Phil Chandler's audio-interview with Tom Theobald - the Colorado bee-farmer who uncovered the duplicity of the American EPA - in licensing Clothianidin against the official judgement of their own scientific officers. The scientists noted that as a nicotinoid, Clothianidin was 'highly toxic to bees by contact and oral exposure' and that is was 'highly mobile' in soil and groundwater - very likely to migrate into streams, ponds and other fields, where it would be absorbed by wildflowers - and go on to kill more bees and non-target insects like butterflies and bumblebees (attached).
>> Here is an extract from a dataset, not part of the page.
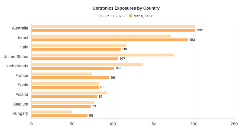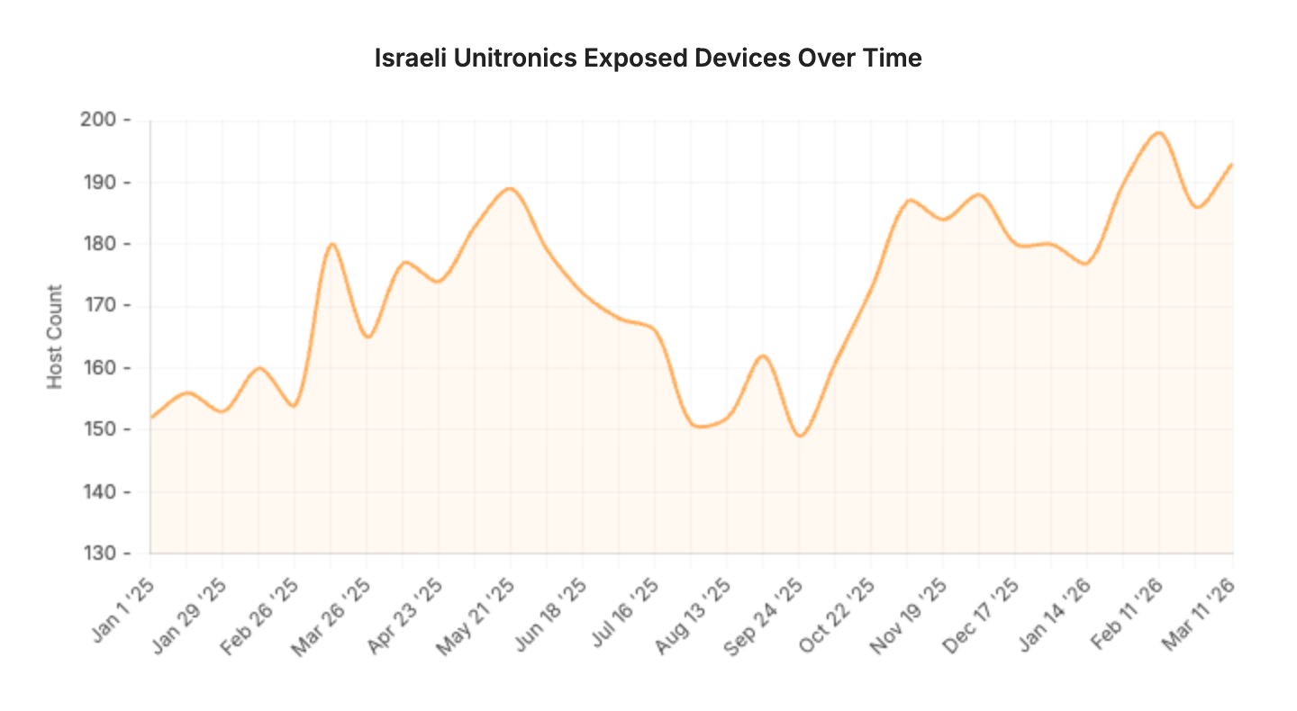 Examining Israel’s Unitronics presence more closely, we observe a clear decrease in exposures beginning in May 2025 that bottoms out throughout late August and September. While we can’t make causal statements, this timeframe aligns with increased concerns about offensive Iranian cyber activity. Since late September 2025, Unitronics exposures have steadily increased, with nearly 200 online in Israel as of mid-March 2026.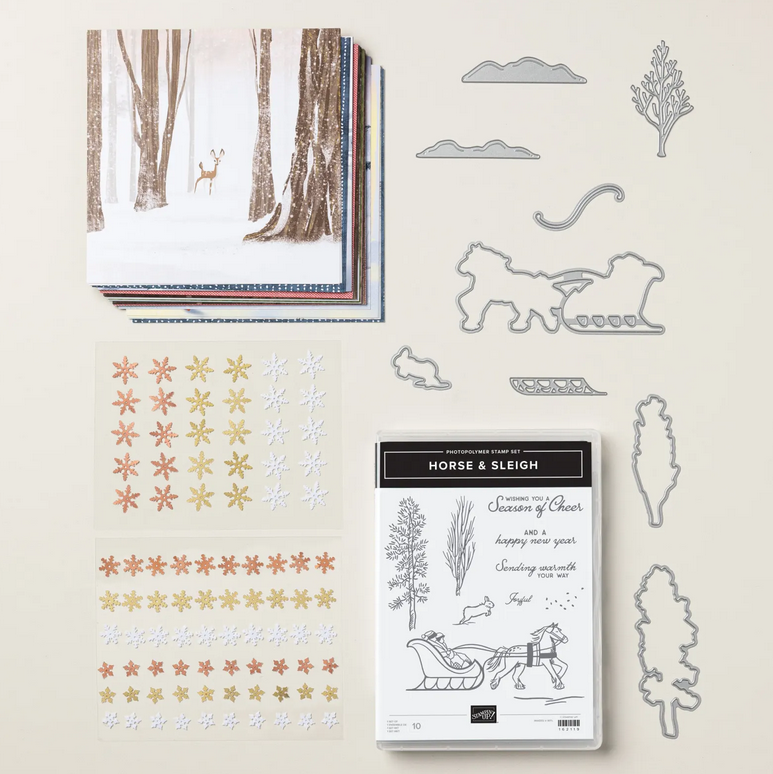 For NZ residents only: when you place a minimum order of $40 with me this week (September 30th - October 6th, 2023), I will send you the Horse & Sleigh Class To Go Pack (4 card kits ie 2 kits for each card design) for FREE! I so appreciate you, my customers xx.

They judged it to be many times more toxic than its sister nicotinoid Imidacloprid, which is "7,000 times more toxic to bees than DDT". Despite the strong advice of their own scientists, the American EPA gave Clothianidin a conditional license in 2003 and it was planted on 88 million acres of American maize (corn, sweetcorn). Since 2004 - over a million beehives have died across America - and many science studies point the finger at Clothianidin (and Imidacloprid) , because in the vast monocultural maize prairies of America - bees rely heavily on maize pollen for the protein to feed their young.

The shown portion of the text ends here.